Levi Strauss & Co. (SGLJF) reported adjusted earnings of $0.41 per share for the quarter ended November 24, surpassing analysts’ consensus by $0.02 and marking the third consecutive quarter of upside surprises. Revenue growth was driven by solid performance in key regions, with North America sales rising by 4% year-over-year and EMEA markets contributing a 3% increase. The stronger-than-expected results underscore the company’s ability to navigate a volatile retail environment and maintain positive momentum in its core denim business.

2. Direct-to-Consumer Growth Counters Wholesale Sluggishness

The company’s direct-to-consumer (DTC) segment delivered a 9% increase in net revenues, reflecting ongoing investments in e-commerce, store remodels and loyalty programs.
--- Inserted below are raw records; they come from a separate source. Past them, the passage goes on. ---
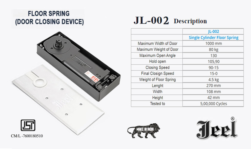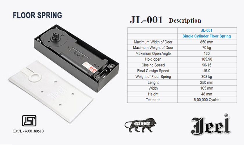 khodiyar Machine Tools Industries Being a quality centric our organization is actively engaged in providing a vast range of Floor Spring, Single Spring Floor Hinge, Concealed Floor Spring, Hydraulic Floor Spring, Glass Door Floor Spring, Hydraulic Patch, Hydraulic Patch Hinges, Door Control Devices, all type of Jeel Brand Floor Spring, Our Aluminium - Glass - Metal heavy duty weight capacity Door Floor Spring are Single Cylinder & Double Cylinder Floor Spring with varied door wt. capacity of 80kgs - 150kgs - 200kgs - 250kgs - 300kgs The floor springs are built with grey Cast Iron mechanism body and have high quality oil in them. can be (Frameless Glass Door Floor Spring) Jeel Brand It is fabricated by our professional in compliance with defined norms using premium quality raw material that is sourced from reliable vendor of the market as per the defined industry standards. Moreover, these are available at industry leading best prices to the our clients.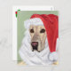 Beautiful Yellow Labrador Retriever Christmas Postcard. Whimsical and cute Labrador Retriever Painting painted by Naomi Ochiai. Do you like a Yellow Lab Santa? Light mint green background. You can customize text for personalized Christmas Cards!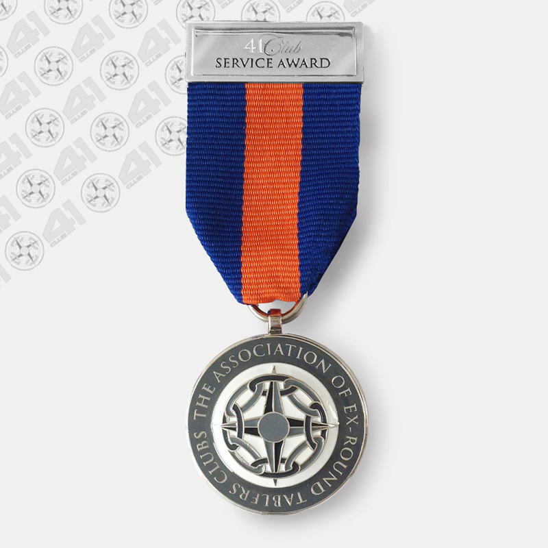 Service Award Medal with Blue/Orange Ribbon supplied in a Clear Plastic Pouch.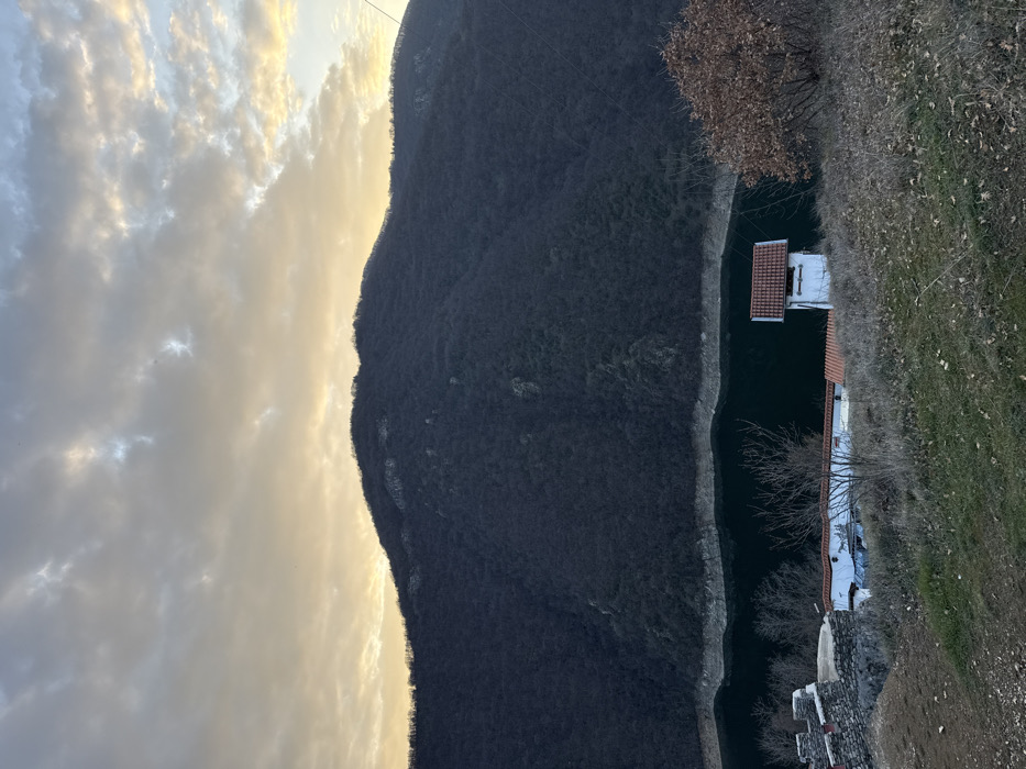 This image depicts a mountainous, rural landscape at what appears to be either sunrise or sunset, located in Unknown, Unknown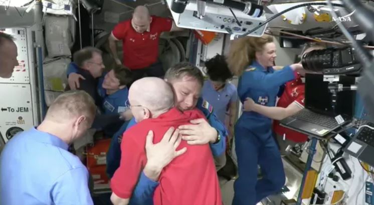 Phi hành gia Don Pettit ôm nhà du hánh Kirill Peskov, sau khi tàu vũ trụ SpaceX cập bến ISS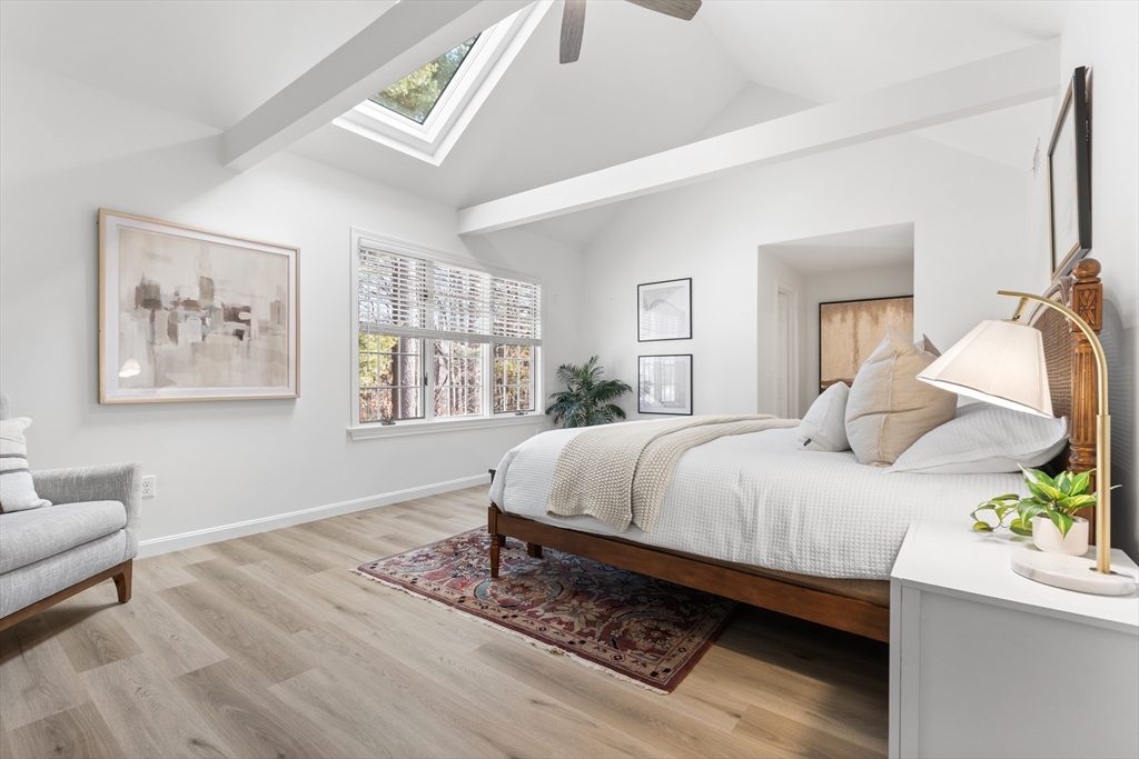 A RARE FIND AT FULLER POND VILLAGE! This RECENTLY RENOVATED 2-bedroom townhome offers exceptional privacy with serene wooded views from both the front and back. THE GENEROUSLY SIZED BACK DECK IS COMPLETELY PRIVATE—aside from the occasional turkey—and perfect for relaxing or entertaining. The kitchen features NEW STAINLESS STEEL APPLIANCES, quartz counters, updated flooring, and a bright dining area with picture window. Enjoy OPEN CONCEPT dining & living room space which includes a cozy wood-burning fireplace. A half bath and laundry complete this floor. THE FULLY FINISHED LOWER LEVEL includes an office, spacious seating area, full bar with sink, & a walk-out patio—also TOTALLY PRIVATE. Upstairs, is A PRIMARY SUITE WITH VAULTED CEILINGS and private bath, plus a second bedroom and full bath. BONUS: A FULL WALK UP ATTIC, perfect for storage, a gym, or more. All this comes with amenities such as Indoor / Outdoor heated pool, work out room, pickleball courts, clubhouse and more!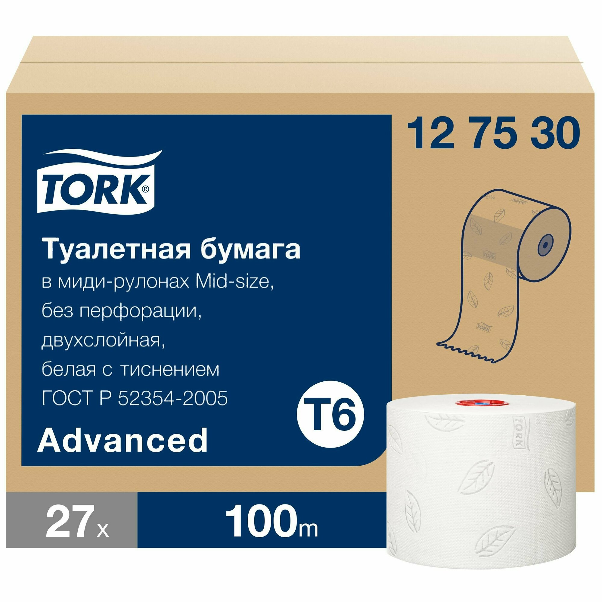 Туалетная бумага Tork Mid-size Advansed, в рулонах, система T6, 100 м, 2 сл., белая, 12 рулонов (арт: 127530)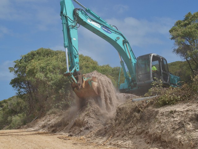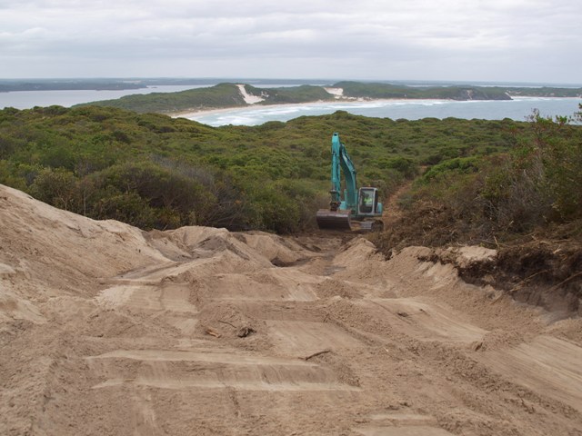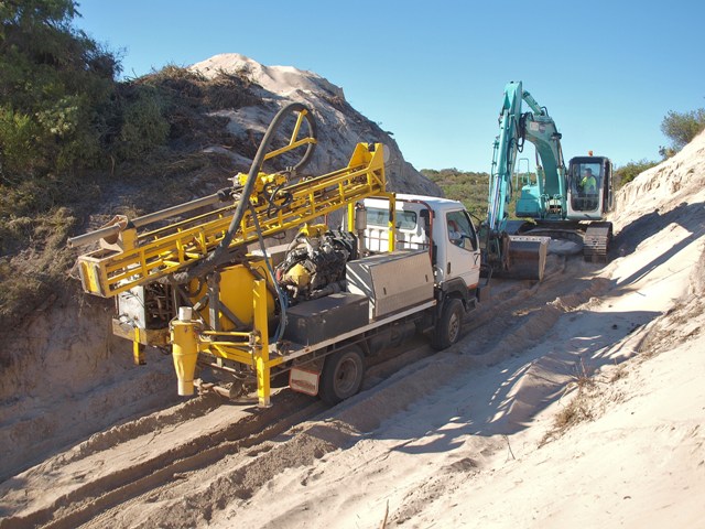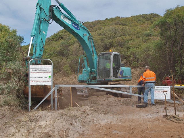 The first works Leveling the site entrance The sign and the gate at the entrance The excavator grazing . . . Cutting through the valley entrance Pulling the drilling rig through the sand back © Copyright 2012 SkyFarming Pty Ltd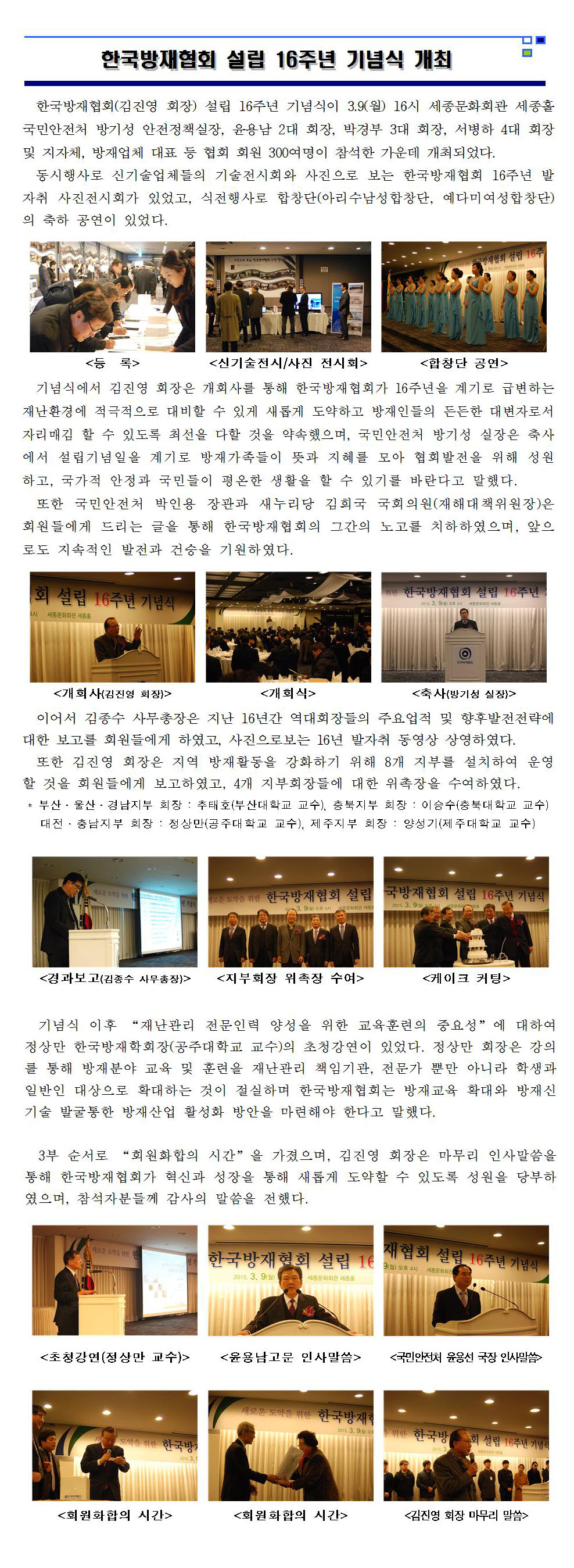 한국방재협회 설립 16주년 기념식 개최 2015-03-11 목록보기 이전글김진영회장, 『대구광역시 풍수해저감종합계획 공청회』참석2015.03.17 다음글김진영 회장, 2015 자연친화적 하천관리 워크숍 축사 및 2015 하천업무유공자 국토교통부장관 표창상 수상2015.03.11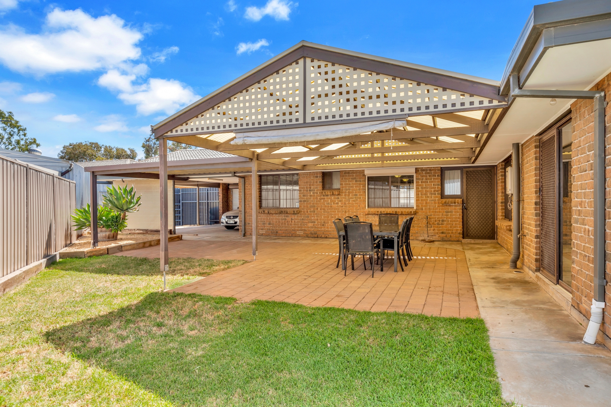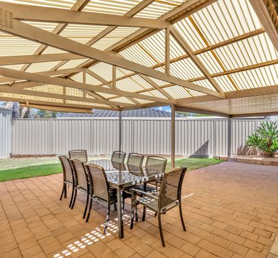Outdoor entertaining area with gable roof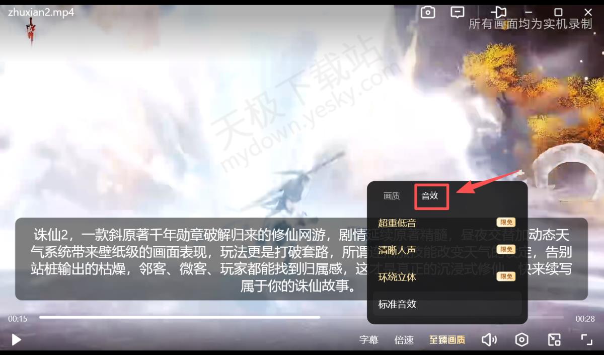 3.专属音效。内置超重低音、清晰人声、环绕立体三种特殊音效,可根据视频类型自由切换。

This growth offset a 2% decline in wholesale sales, which faced inventory destocking and cautious buying patterns at major department stores. DTC now represents 45% of total revenues, up from 40% a year earlier, highlighting the strategic shift toward higher-margin channels and deeper customer engagement.

3. Tariff Pressures and Margin Outlook for FY26

Despite tariff headwinds on imported denim, Levi sustained gross margins in the low 60% range for the quarter, in line with management’s guidance. The company reiterated its full-year FY26 outlook, forecasting flat gross margins and a modest expansion in EBIT margin driven by ongoing productivity improvements, supply-chain efficiencies and cost discipline. Investors will be watching closely for confirmation of these targets as the company refines its operational model and continues to sharpen its product lineup following the divestiture of non-core brands.